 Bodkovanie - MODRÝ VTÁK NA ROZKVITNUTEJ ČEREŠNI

-*-*-

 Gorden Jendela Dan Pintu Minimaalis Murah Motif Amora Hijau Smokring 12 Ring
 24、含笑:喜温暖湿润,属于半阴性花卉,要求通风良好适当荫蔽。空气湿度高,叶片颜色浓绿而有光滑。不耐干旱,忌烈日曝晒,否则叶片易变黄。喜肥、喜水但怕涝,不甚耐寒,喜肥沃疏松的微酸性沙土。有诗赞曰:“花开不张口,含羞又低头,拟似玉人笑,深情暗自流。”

-*-*-

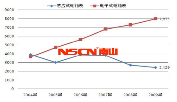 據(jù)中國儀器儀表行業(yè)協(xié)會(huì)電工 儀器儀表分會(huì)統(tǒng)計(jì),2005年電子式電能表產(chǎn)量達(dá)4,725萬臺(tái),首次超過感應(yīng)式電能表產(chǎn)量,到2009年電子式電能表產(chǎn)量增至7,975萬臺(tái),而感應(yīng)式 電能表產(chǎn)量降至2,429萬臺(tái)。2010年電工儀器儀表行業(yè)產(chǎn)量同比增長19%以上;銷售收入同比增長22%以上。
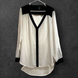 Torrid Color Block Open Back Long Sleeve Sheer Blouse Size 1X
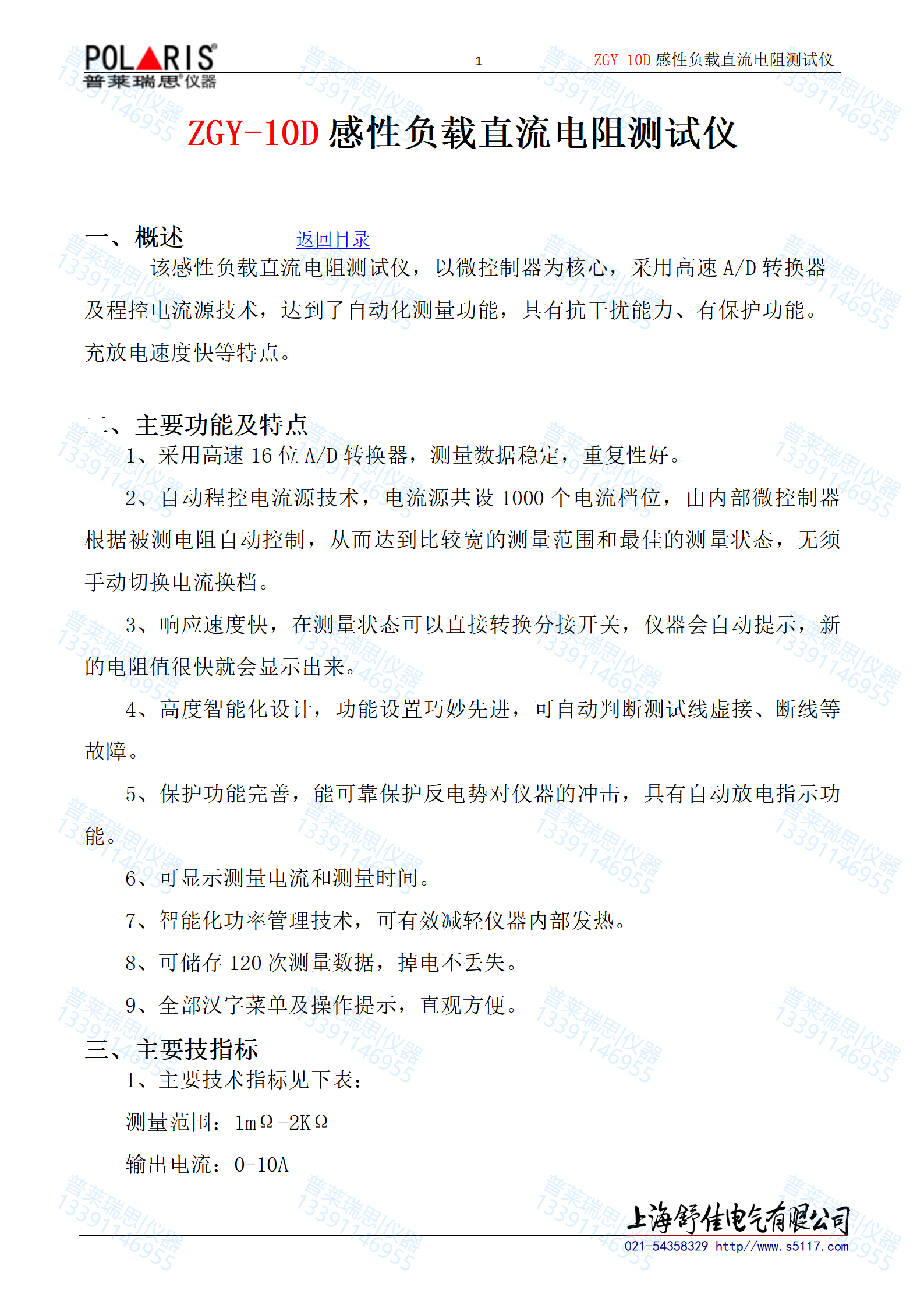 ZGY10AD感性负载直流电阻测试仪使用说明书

-*-*-

#### Work item
For the listing above, print only the lines starting at the line containing "Gorden Jendela Dan" and ending at the line containing "24、含笑:喜温暖湿润,属于", exactly, both included.

#### Result for this exercise
 Gorden Jendela Dan Pintu Minimaalis Murah Motif Amora Hijau Smokring 12 Ring
 24、含笑:喜温暖湿润,属于半阴性花卉,要求通风良好适当荫蔽。空气湿度高,叶片颜色浓绿而有光滑。不耐干旱,忌烈日曝晒,否则叶片易变黄。喜肥、喜水但怕涝,不甚耐寒,喜肥沃疏松的微酸性沙土。有诗赞曰:“花开不张口,含羞又低头,拟似玉人笑,深情暗自流。”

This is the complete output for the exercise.